▸ **EXERCISE DETAILS**
Would you print only the lines running from the one with "Handgeschreven briefje in" to the final line of the data below, word for word and without pictures?
....................
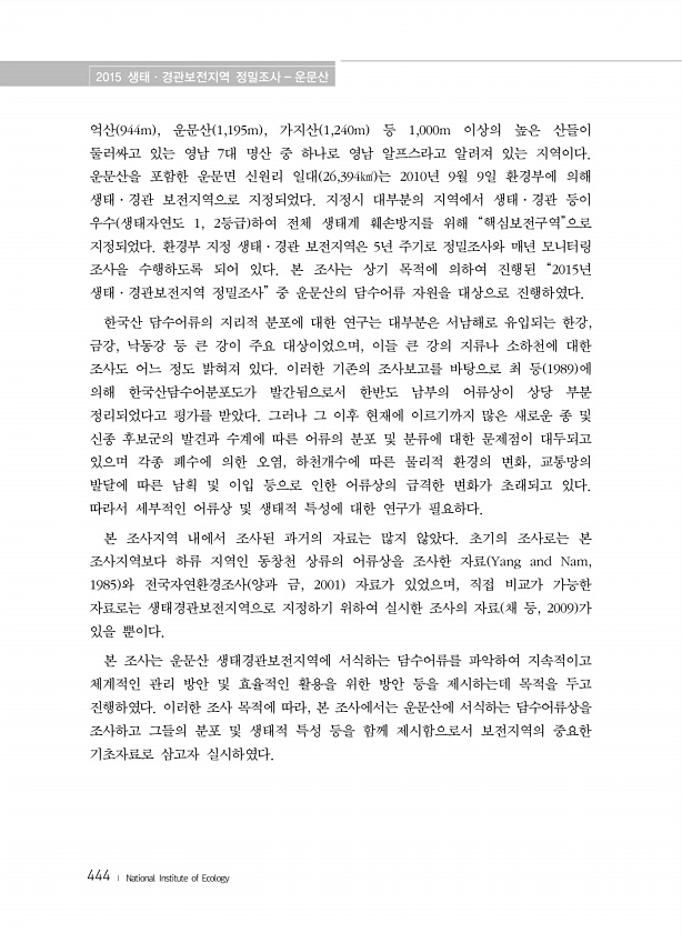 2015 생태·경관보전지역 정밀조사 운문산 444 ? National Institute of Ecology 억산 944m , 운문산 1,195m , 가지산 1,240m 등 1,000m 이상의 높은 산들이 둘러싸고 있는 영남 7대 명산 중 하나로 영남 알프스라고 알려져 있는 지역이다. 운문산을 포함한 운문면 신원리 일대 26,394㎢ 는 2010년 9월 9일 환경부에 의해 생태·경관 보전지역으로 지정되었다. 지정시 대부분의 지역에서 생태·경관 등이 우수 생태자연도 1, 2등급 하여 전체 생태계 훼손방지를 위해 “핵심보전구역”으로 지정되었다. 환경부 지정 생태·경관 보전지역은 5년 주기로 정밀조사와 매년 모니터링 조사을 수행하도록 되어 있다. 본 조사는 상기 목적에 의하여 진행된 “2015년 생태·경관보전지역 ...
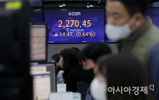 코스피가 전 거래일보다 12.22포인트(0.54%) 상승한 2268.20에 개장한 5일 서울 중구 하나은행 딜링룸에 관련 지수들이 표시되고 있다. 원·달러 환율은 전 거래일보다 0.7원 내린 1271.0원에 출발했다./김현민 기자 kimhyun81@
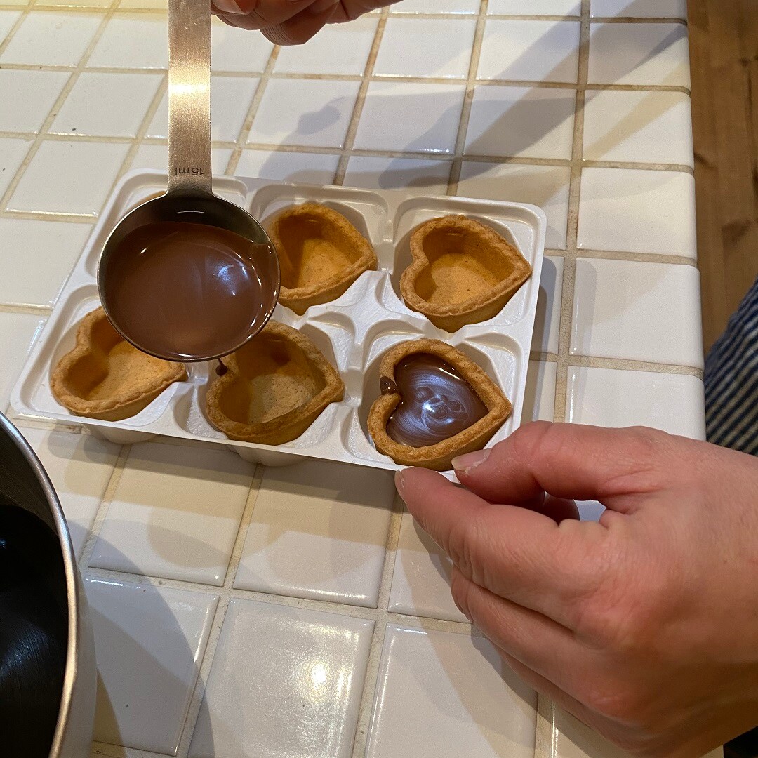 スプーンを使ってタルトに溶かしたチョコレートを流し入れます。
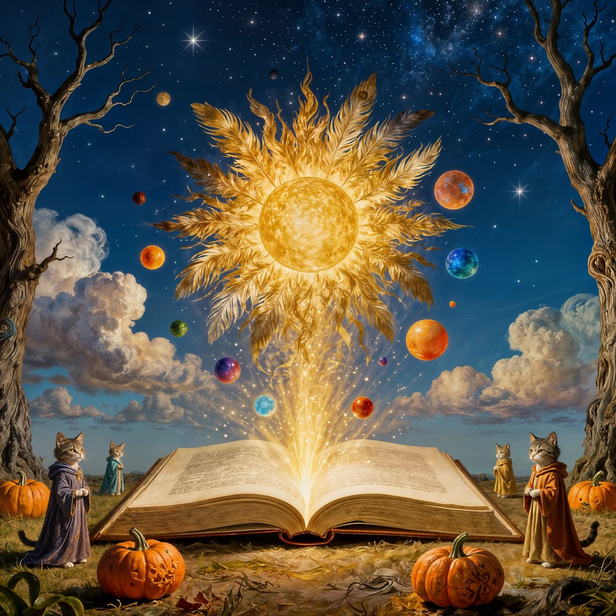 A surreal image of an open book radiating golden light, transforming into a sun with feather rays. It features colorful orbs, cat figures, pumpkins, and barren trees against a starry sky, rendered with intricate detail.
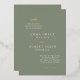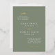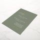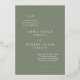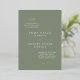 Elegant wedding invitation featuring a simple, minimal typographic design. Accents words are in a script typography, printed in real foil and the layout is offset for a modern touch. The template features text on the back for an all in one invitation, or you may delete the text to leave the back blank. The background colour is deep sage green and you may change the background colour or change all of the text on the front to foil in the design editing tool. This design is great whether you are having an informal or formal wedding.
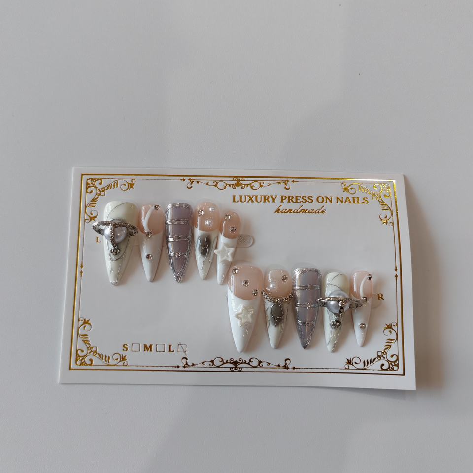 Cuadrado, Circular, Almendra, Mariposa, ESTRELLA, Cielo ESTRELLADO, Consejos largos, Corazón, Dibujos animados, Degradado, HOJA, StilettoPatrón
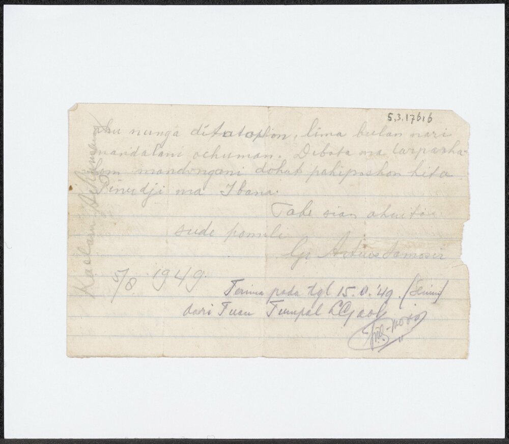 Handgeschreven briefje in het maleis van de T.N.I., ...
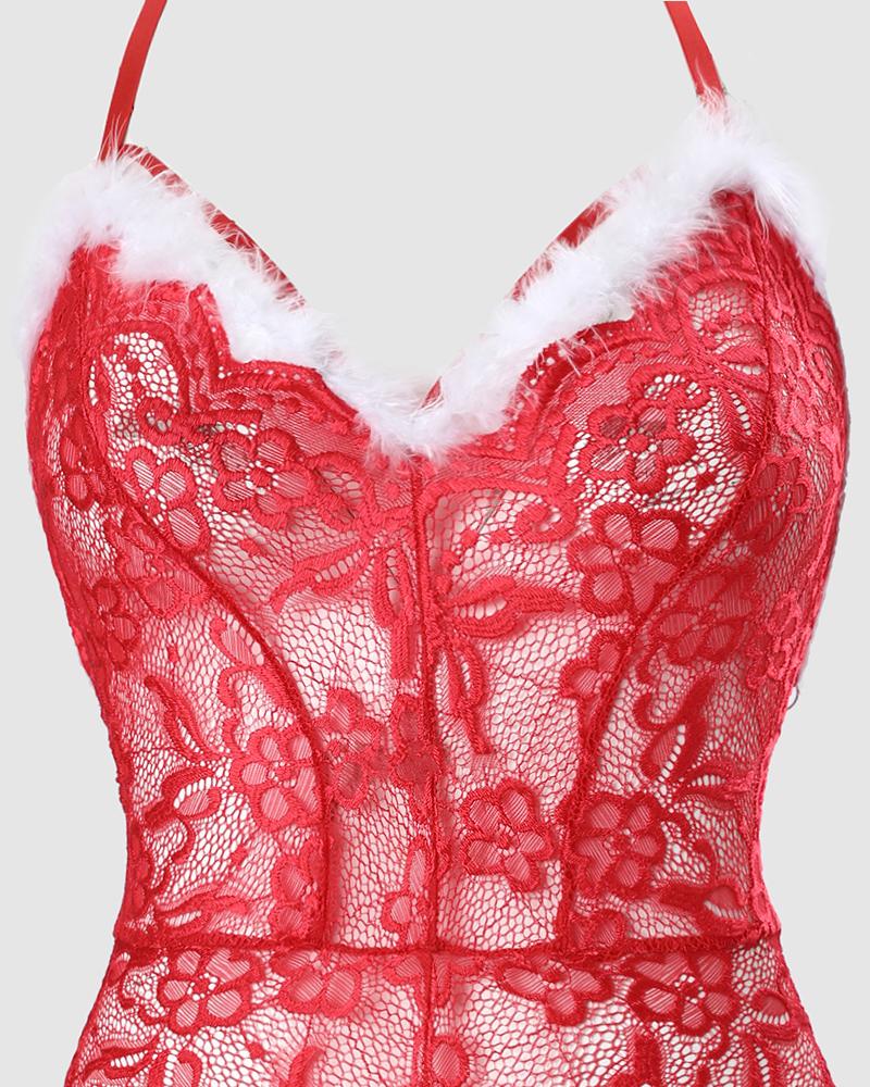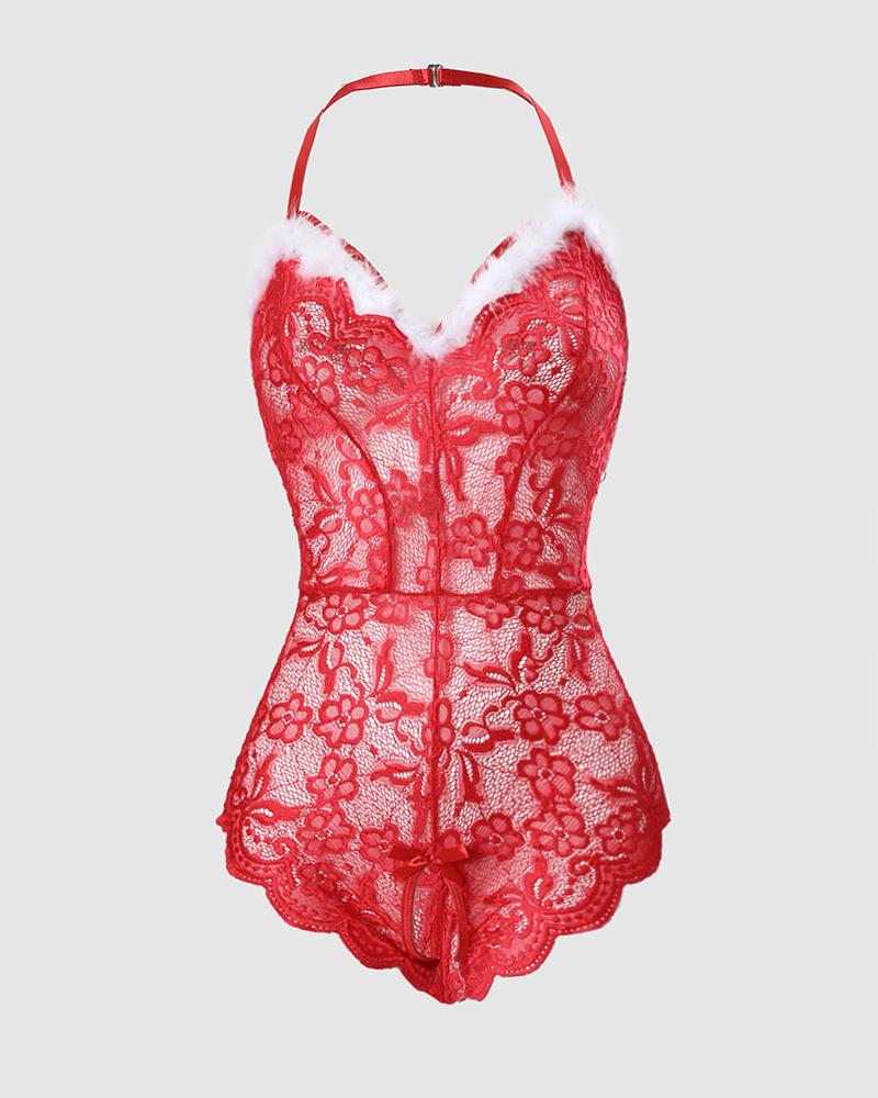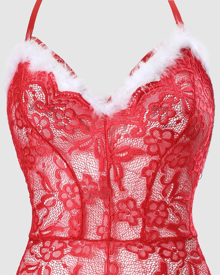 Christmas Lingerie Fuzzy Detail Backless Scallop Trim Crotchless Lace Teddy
....................
▸ **ANSWER BOX**
 Handgeschreven briefje in het maleis van de T.N.I., ...
 Christmas Lingerie Fuzzy Detail Backless Scallop Trim Crotchless Lace Teddy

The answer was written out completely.